Nurse allowed to reflect on the nursing activity performed in the Emergency department. It helped in assessing nurse competency in nursing care. It helped in improving confidence of the nurse. Reflection also helped in the sharing and exchanging knowledge with senior healthcare professionals. National competency standards of NMBA states that reflection can be helpful in providing high quality nursing care to meet patient’s needs (NMBA, 2017). Advanced Health Assessment & Clinical Diagnosis In Primary Care Essay Paper
Patient discharge plan should include Discharge home on PO abx like Amoxicillin 500mg TDS for 5 days and Doxycycline 100mg BD for 5 days. Nurse need to educate patient about the risk of infection and precautions need to be taken for the prevention of risk of infection. Nurse need to educate patient about the adherence to the medication consumption because full course of antibiotic consumption need to be completed to achieve better effectiveness of antibiotics (Weiand et al. 285-86).
Patient’s outcomes can be effectively improved by performing accurate patient assessment. It can be helpful in identifying patient’s needs and prioritise nursing actions with respect to patient’s needs. Nurse’s nursing knowledge and resources need to be effectively used for improving patient outcome.
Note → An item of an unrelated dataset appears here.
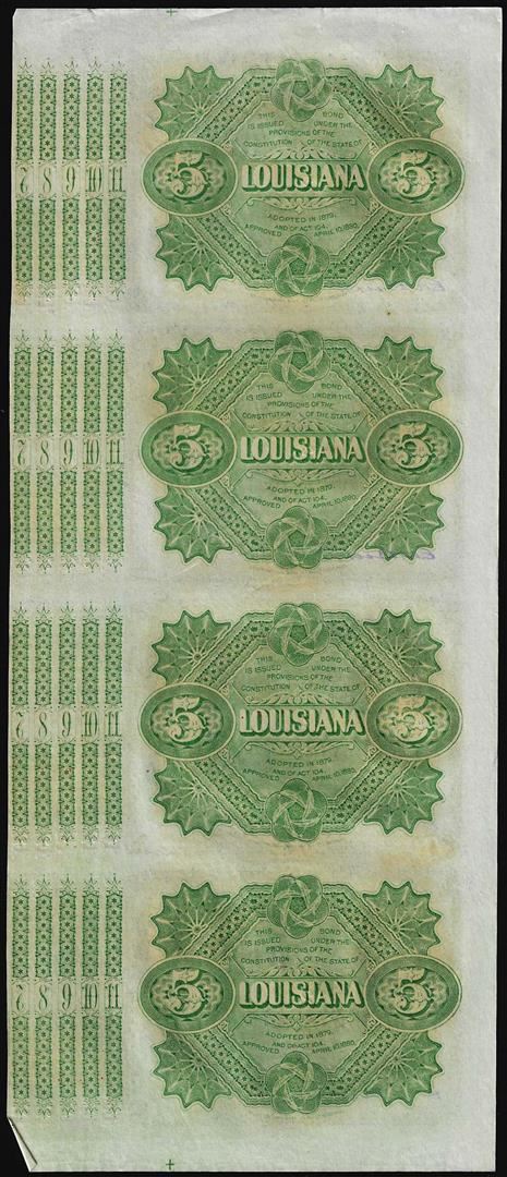 One Uncut Sheet of (4) State of Louisiana Baby Bond Obsolete Notes.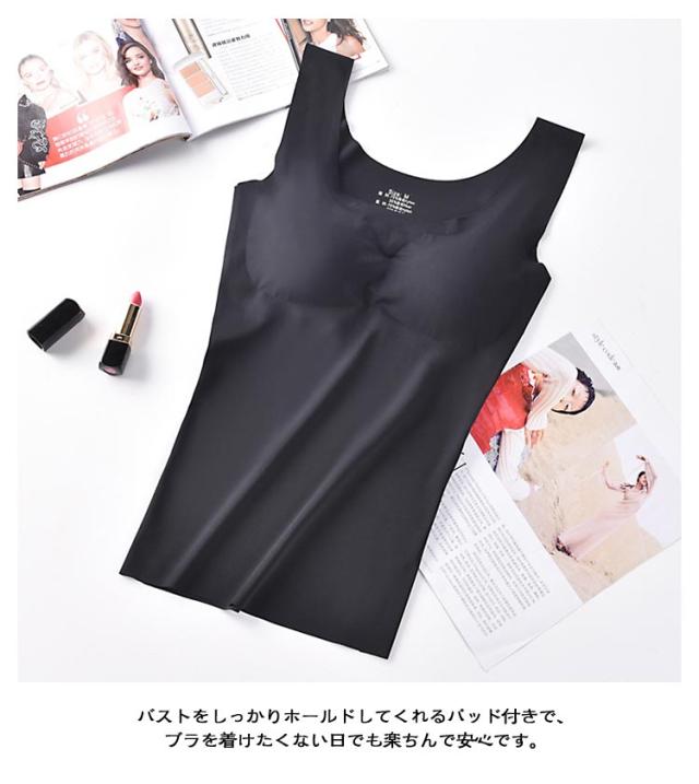 | 24時間着用可能です!一年中快適にご着用いただけるタンクトップです。 接触冷感素材なのでひんやりと気持ちよく、蒸れ感が減軽し、べタつかず、着心地抜群な一枚です。 高弾性生地で伸縮性が優れた、程よいフィット感で、快適なキャミソール着心地が実現します。 肩紐はしっかり太め、安定感のある幅広の肩紐で、チラッともみせない安心設計です。 ネックライン、袖口、裾はカットオフにすることで、下着のラインがひびきにくくなってすっきり着られて肌あたりもなめらかです。 バストをしっかりホールドしてくれるパッド付きで、ブラを着けたくない日でも楽ちんで安心です。 | |

Nurse need to collect the data accurately, analyse it, interpret it and discuss with senior nurse to provide quality care and improve its outcome (Jones, 2016). Nurse’s goals should be realistic and achievable; also, these should be within the hospital’s policies, guidelines and framework of care. Student nurse need to provide care under the guidance and monitoring of senior nurse. Patient consent need to be taken and patient need to be educated for care to be provided to the patient. Nurse need to implement flexible and measurable nursing care plan for improving the continuity of care. Nurse need to inform senior nurse about the improvement in the patient condition and modify nursing care plan after discussion with senior nurse (Dubois et al., 2013, pp. 3-4).